Exercise:
Only the lines from the one with "Контрастная строчка, петли" through the last line of the material below belong in the answer, copied exactly and without pictures.

Recorded information section start

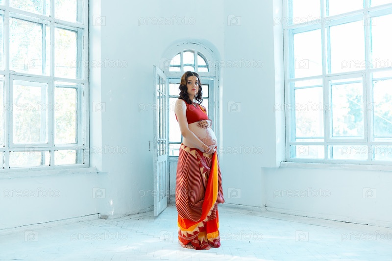 Живот беременной женщины с тату хной
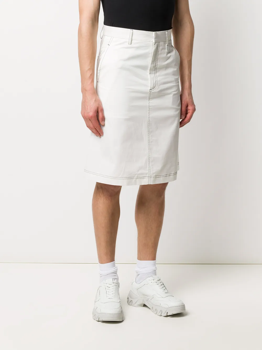 Контрастная строчка, петли для ремня, потайная застежка спереди, два вшитых кармана по бокам и длина по колено.
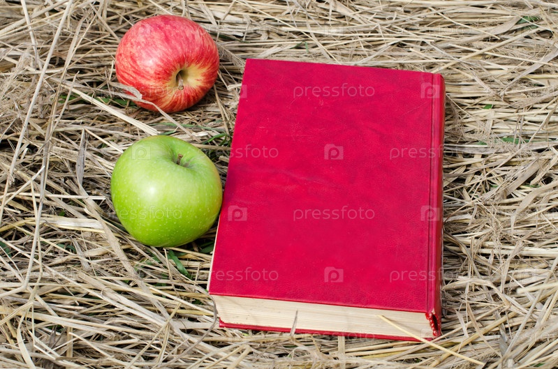 Книга и яблоки на сухой траве
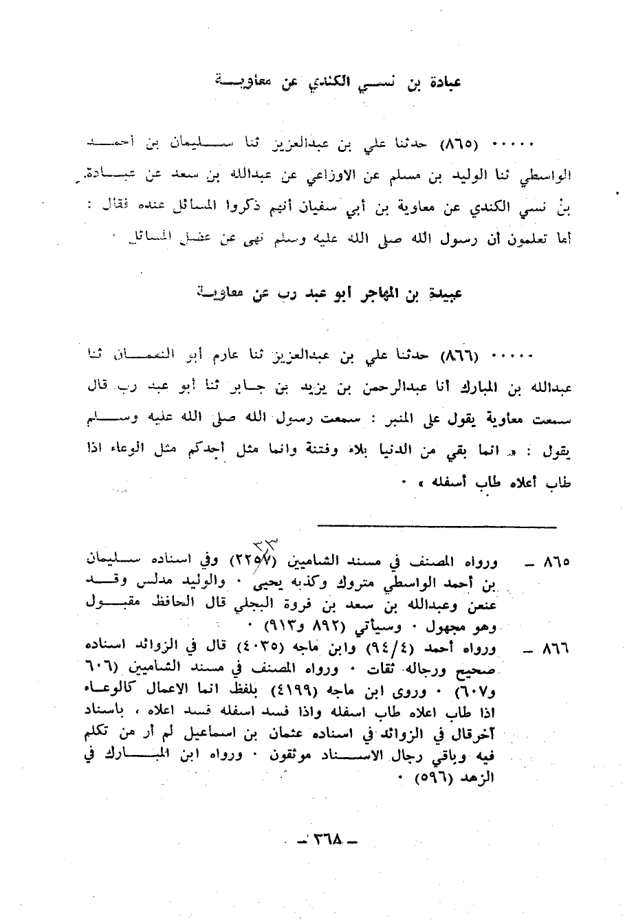 866 - حَدَّثَنَا عَلِيُّ بْنُ عَبْدِ الْعَزِيزِ، ثنا عَارِمٌ أَبُو النُّعْمَانِ، ثنا عَبْدُ اللهِ بْنُ الْمُبَارَكِ، أَنَا عَبْدُ الرَّحْمَنِ بْنُ يَزِيدَ بْنِ جَابِرٍ، ثنا أَبُو عَبْدِ رَبٍّ، قَالَ: سَمِعْتُ مُعَاوِيَةَ، يَقُولُ عَلَى الْمِنْبَرِ: سَمِعْتُ رَسُولَ اللهِ صَلَّى اللهُ عَلَيْهِ وَسَلَّمَ يَقُولُ: «إِنَّمَا §بَقِيَ مِنَ الدُّنْيَا بَلَاءٌ وَفِتْنَةٌ، وَإِنَّمَا مَثَلُ أَحَدِكُمْ مِثْلُ الْوِعَاءِ إِذَا طَابَ أَعْلَاهُ طَابَ أَسْفَلُهُ»

Recorded information section end

The completed task:
 Контрастная строчка, петли для ремня, потайная застежка спереди, два вшитых кармана по бокам и длина по колено.
 Книга и яблоки на сухой траве
 866 - حَدَّثَنَا عَلِيُّ بْنُ عَبْدِ الْعَزِيزِ، ثنا عَارِمٌ أَبُو النُّعْمَانِ، ثنا عَبْدُ اللهِ بْنُ الْمُبَارَكِ، أَنَا عَبْدُ الرَّحْمَنِ بْنُ يَزِيدَ بْنِ جَابِرٍ، ثنا أَبُو عَبْدِ رَبٍّ، قَالَ: سَمِعْتُ مُعَاوِيَةَ، يَقُولُ عَلَى الْمِنْبَرِ: سَمِعْتُ رَسُولَ اللهِ صَلَّى اللهُ عَلَيْهِ وَسَلَّمَ يَقُولُ: «إِنَّمَا §بَقِيَ مِنَ الدُّنْيَا بَلَاءٌ وَفِتْنَةٌ، وَإِنَّمَا مَثَلُ أَحَدِكُمْ مِثْلُ الْوِعَاءِ إِذَا طَابَ أَعْلَاهُ طَابَ أَسْفَلُهُ»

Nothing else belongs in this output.